I'll admit, that planning any trip can feel like a daunting task. There are so many variables to consider, so much preparation, but the end result is so worth it (read: there are still bound to be f*ck ups). Europe was no different.
I wanted to go to London since I was a little girl watching the Olsen twins in the direct-to-video film Winning London. It had a lasting effect, similarly to the way Passport to Paris did. I was going to delay my travels until 2019, but ultimately decided why should I wait any longer. I can work anywhere, the nature of my life warrants flexibility, so I am finally free to move like the water I have always felt a special connection to. And so, I decided to start planning my long lusted trip to London, England with plans to also stop in Paris.
Initially, I chose April, but after a death in the family inspired me to press pause for just a bit, reconnect to what I really want (hello, apartment), and second-guess traveling this year once again all together, I was going to cancel. Luckily, my heart sang a different tune and I decided to sing to that instead - opted for October, paid the $308 fee to change my flight, and was London-bound for the fall.
And for those of you who might be feeling overwhelmed by the planning of it all, I've done some of the necessary work for you by gathering some of the tips that helped me plan my first European travel excursion. Check 'em out below:
Do All The Necessary Prep Work Ahead Of Time
Arriving at St. Pancras International in London
Photo Cred: Terrence Porter
Note that while there's no such thing as an "off-peak" season in Paris, you can find cheaper airline deals between September-December range (anytime after or before summer is best to avoid the heavy tourist crowd). Ensure that your passport is up to date, also read up the parameters of travel limitations for the place you plan to visit. You can read up on that via the Bureau of Consular Affairs for the given country's international travel information. Before you travel abroad, also be sure to make copies of your important travel and identity docs, i.e. your passport, license, and perhaps your social security card. In addition to your plane tickets, book any additional transportation plans, like a rental car, public transportation passes, or a train if necessary.

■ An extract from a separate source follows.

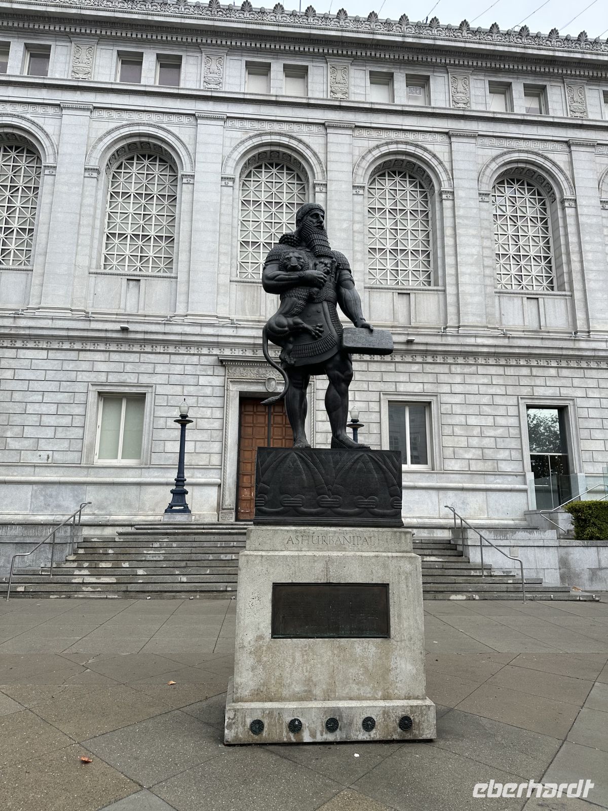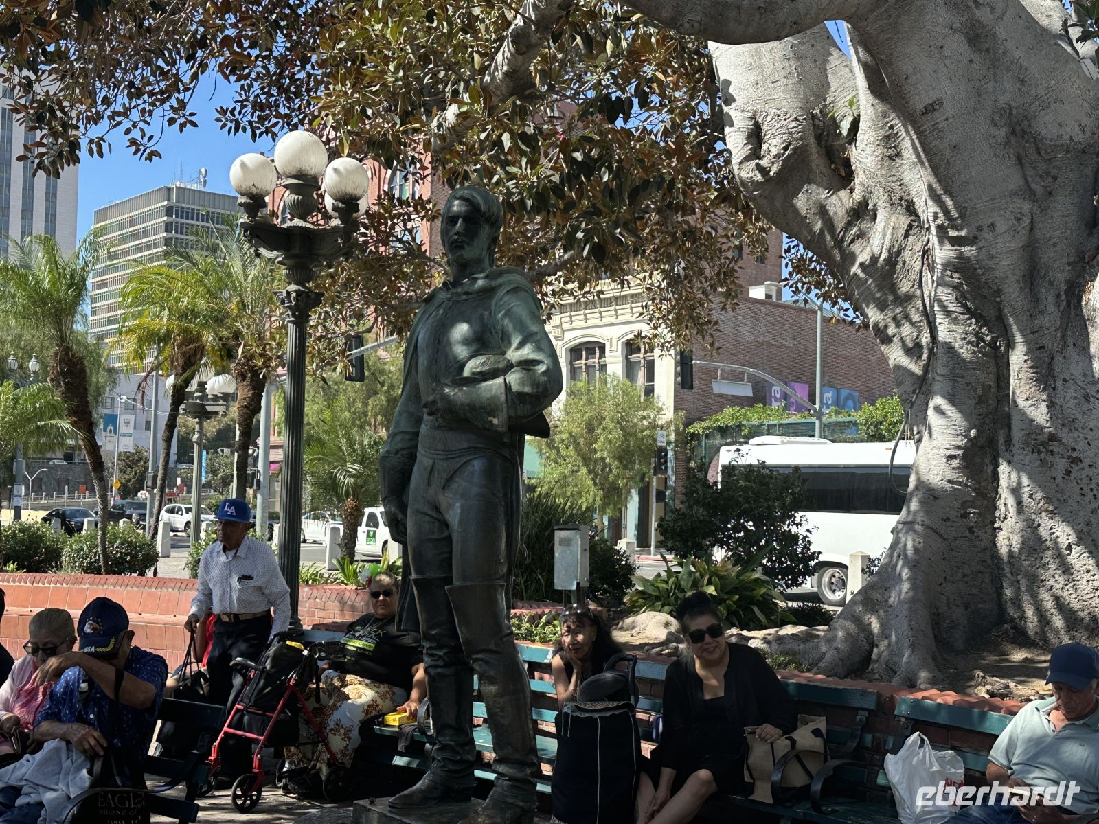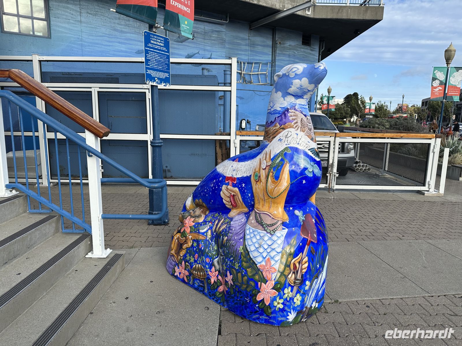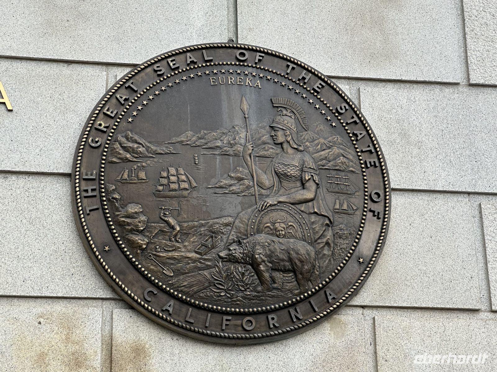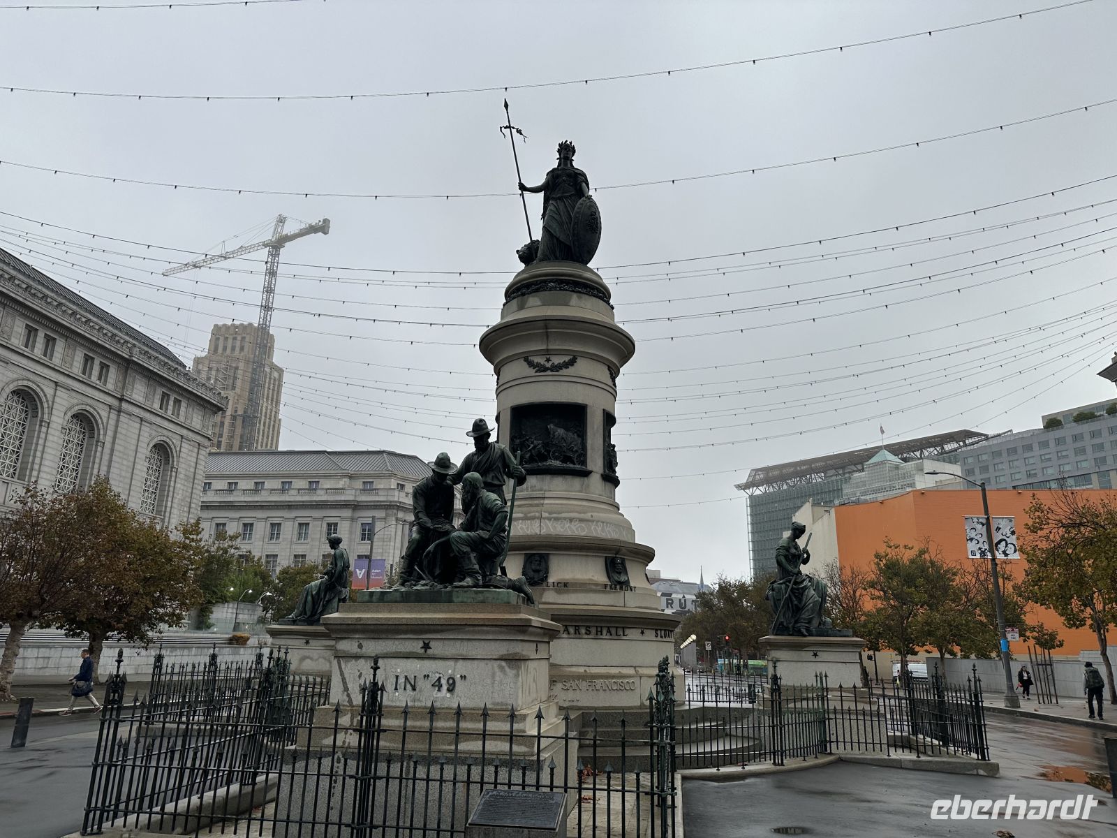 Den ersten Fotostopp unserer Stadtrundfahrt legen wir am Rathaus ein. Dieses Gebäude erinnert an europäische Prachtbauten. Sein unbestrittenes Highlight ist die gigantische goldene Kuppel. Sie ist von so beeindruckender Größe und Höhe, dass sie sogar das Kapitol in Washington D.C. überragt. Der goldglänzende Bau thront majestätisch über dem Civic Center Plaza und ist ein tolles Fotomotiv. Ganz in der Nähe befindet sich auch das Cannery Row Monument, was wir uns zuerst anschauen. Das Monument zeigt neun Bronzefiguren, die wichtige historische und fiktive Charaktere darstellen. Außerdem gibt es Figuren, die einen chinesischen Fischer und Konservenfabrikarbeiter darstellen. Sie würdigen die vielen Menschen aus verschiedenen Kulturen, die in der Sardinenindustrie arbeiteten, bevor diese zusammenbrach. Eine Gruppe von vier Bronzefiguren, die wie Kartenspieler oder Herumtreiber dargestellt sind eine Anspielung auf die "freundlichen Faulenzer" aus Steinbecks Roman. Zusätzlich zu den neun Hauptfiguren sind 13 bronzene Frösche im Sockel versteckt, eine weitere Anspielung auf eine Anekdote aus Steinbecks Roman. Wir kehren zurück zum Bus und setzen unsere Stadtbesichtigung fort.

In our case, purchasing our train tickets for Eurostar ahead of time were a must too. It's advised to start booking your train from London to Paris at least three months in advance (find them here). We did our best to leave a couple of hours between our flights' arrival and our train's departure so that once we touched down in London, we'd take the train to Paris to pack our travel day as much as possible and do a one-shot to our next destination.
In reality, what actually happened was we missed our train by about five minutes and had to pay 44 euros for a new ticket for the next train to Paris. Some research on my part would have been helpful in figuring out how to map out the train departure in relation to our flight arrival, especially because London St. Pancras International ended up being kind of far from the airport (about 35-45 minutes to be exact). And if you do nothing else, get an International plan with your cell phone service because the data will be needed for Ubers and such. Trust. And because my friend and I had Airbnbs in both locations, WhatsApp and some data comes clutch for the check-in process. So again I say, TRUST.
Lodging Recommendations
In Paris:
Hotel Emile - it's located in Marais, relatively close to a metro station, and offers free breakfast with direct booking.
Airbnb - we stayed in this studio apartment. It was very quaint and located in a trendier complex in the North part of Paris. Close to laundry, cafes, food, grocery stores, and only a few miles away from big attractions.
In London:
The Pilgrm - it's located in Paddington, relatively close to the tube station, and is very stylish. If I didn't stay in an Airbnb, this was going to be the one.
Airbnb - Huma's Victorian townhome feels so authentically London, it was so dope to stay there for a few days. Definitely recommend.
See All The Must-See Attractions
Capturing moments at the Louvre
Photo Cred: Terrence Porter
It is impossible to see everything a city has to offer, especially in the span of three days. Think about it, there are people who call these cities home and still haven't seen everything it has to offer. On your first day, make a running list of attractions that you feel are the Must-See places and hit them up when the day breaks. See as much as possible, and do as much as possible, especially during your first day in a new place. This will give allow you to see all of the touristy spots, while also allowing the freedom of sticking a pin in some of your favorite sights to potentially go to again before your trip is over.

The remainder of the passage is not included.